Without the images, reproduce each line of the material exactly.

Start of Provided material

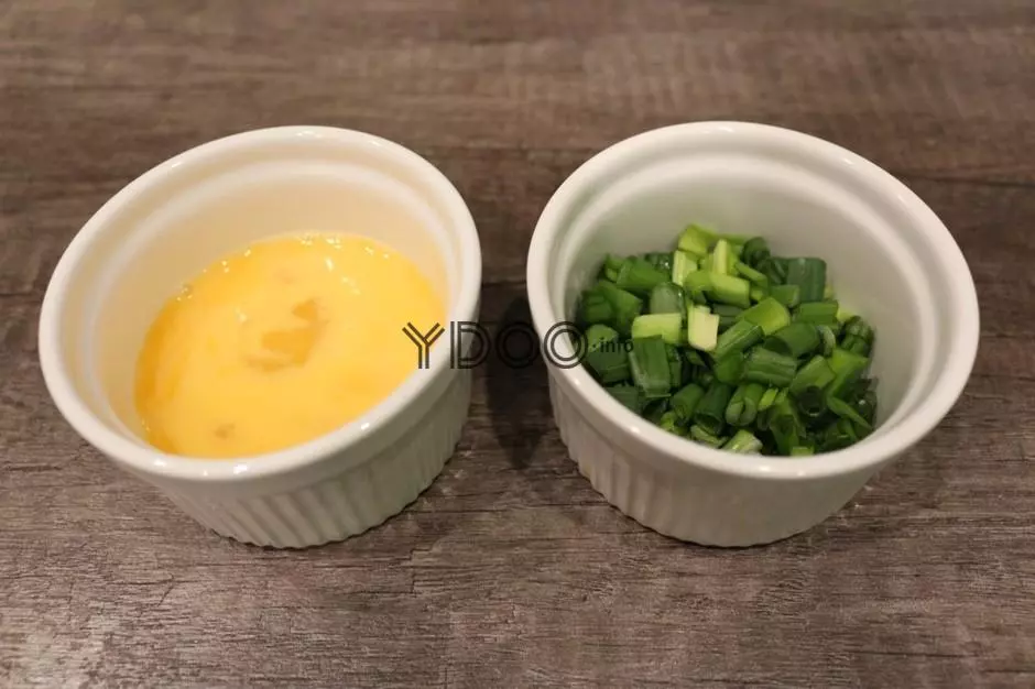 - Положите в миску яйцо и курицу с соусом на рис. Посыпать зеленым луком.
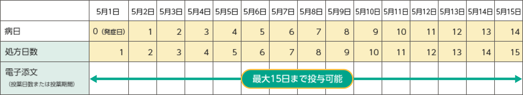 なお、最終の調製済み薬剤を投与してから24時間後に本剤の投与を終了してください。 (参照) ドラッグインフォメーションの「6. 用法及び用量」、「7. 用法及び用量に関連する注意」をご確認ください。5月1日に発症し、その日から処方を開始した場合
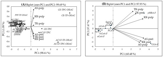 PCA is the most popular multivariate statistical analysis used by almost all scientific disciplines. It analyzes a data table representing observations described by several dependent variables, which are, in general, inter-correlated. Its aim is to extract the important information from the data table and to express this information as a set of new orthogonal variables known as principal components. It also represents the patterns of similarity of observations and variables by displaying them as points in maps [47] that can summarize the dimensionality of high-dimensional complex data through a smaller set of “summary indices” that can be easily visualized and analyzed. In recent years, researchers have used this method of analysis to determine whether any of the observations or variables differ significantly among treatments [48,49,50]. In the present study, the PCA was carried out to study the variation in contents of the total phenolics, phenolic acids and chlorogenic acids liberated in four forms, the anthocyanin/s (del-3-rut), and the antioxidant capacity values in the peel and pulp of three eggplants (black, purple, and white). The PCA showed that all of the chemical components determined in the eggplants were closely associated and significantly (p < 0.05) positively and strongly correlated with the peel and pulp, showing a total variance ranged between 81.56 and 99.93%. Accordingly, two principal components, explaining 99.69% of the overall variance (PC1; 98.61% and PC2; 1.08%), divided the pulp and peel in conjunction with the ORAC values and TPCs (Figure 3A). Noticeably, the PC1 (98.61%) is clearly identified with the pulp and closely associated with the ORAC values and the phenolic contents (upper positive side). However, the TPC and TF contents of the ACYF in the eggplant peels were closely associated with the ORAC on the PC1 (lower positive side). The major factor scores contributing to the PC1 (positive side) were CE/ACYF-TPC/TF-ORAC (5.947 and 4.155) (Table 5). In contrast, the main contributors to the PC2 (the negative side) were the AF and PPF in relation to the AC, but these were very low, and the data are not shown. The common feature of ‘Aydin Siyahi’, ‘Kadife Kemer’ and ‘Trabzon Kadife’ was thus the highest content of polyphenolic compounds in the CE and ACYF in the peel and the ORAC values.

End of Provided material

• **Solution for this task**:
 - Положите в миску яйцо и курицу с соусом на рис. Посыпать зеленым луком.
 なお、最終の調製済み薬剤を投与してから24時間後に本剤の投与を終了してください。 (参照) ドラッグインフォメーションの「6. 用法及び用量」、「7. 用法及び用量に関連する注意」をご確認ください。5月1日に発症し、その日から処方を開始した場合
 PCA is the most popular multivariate statistical analysis used by almost all scientific disciplines. It analyzes a data table representing observations described by several dependent variables, which are, in general, inter-correlated. Its aim is to extract the important information from the data table and to express this information as a set of new orthogonal variables known as principal components. It also represents the patterns of similarity of observations and variables by displaying them as points in maps [47] that can summarize the dimensionality of high-dimensional complex data through a smaller set of “summary indices” that can be easily visualized and analyzed. In recent years, researchers have used this method of analysis to determine whether any of the observations or variables differ significantly among treatments [48,49,50]. In the present study, the PCA was carried out to study the variation in contents of the total phenolics, phenolic acids and chlorogenic acids liberated in four forms, the anthocyanin/s (del-3-rut), and the antioxidant capacity values in the peel and pulp of three eggplants (black, purple, and white). The PCA showed that all of the chemical components determined in the eggplants were closely associated and significantly (p < 0.05) positively and strongly correlated with the peel and pulp, showing a total variance ranged between 81.56 and 99.93%. Accordingly, two principal components, explaining 99.69% of the overall variance (PC1; 98.61% and PC2; 1.08%), divided the pulp and peel in conjunction with the ORAC values and TPCs (Figure 3A). Noticeably, the PC1 (98.61%) is clearly identified with the pulp and closely associated with the ORAC values and the phenolic contents (upper positive side). However, the TPC and TF contents of the ACYF in the eggplant peels were closely associated with the ORAC on the PC1 (lower positive side). The major factor scores contributing to the PC1 (positive side) were CE/ACYF-TPC/TF-ORAC (5.947 and 4.155) (Table 5). In contrast, the main contributors to the PC2 (the negative side) were the AF and PPF in relation to the AC, but these were very low, and the data are not shown. The common feature of ‘Aydin Siyahi’, ‘Kadife Kemer’ and ‘Trabzon Kadife’ was thus the highest content of polyphenolic compounds in the CE and ACYF in the peel and the ORAC values.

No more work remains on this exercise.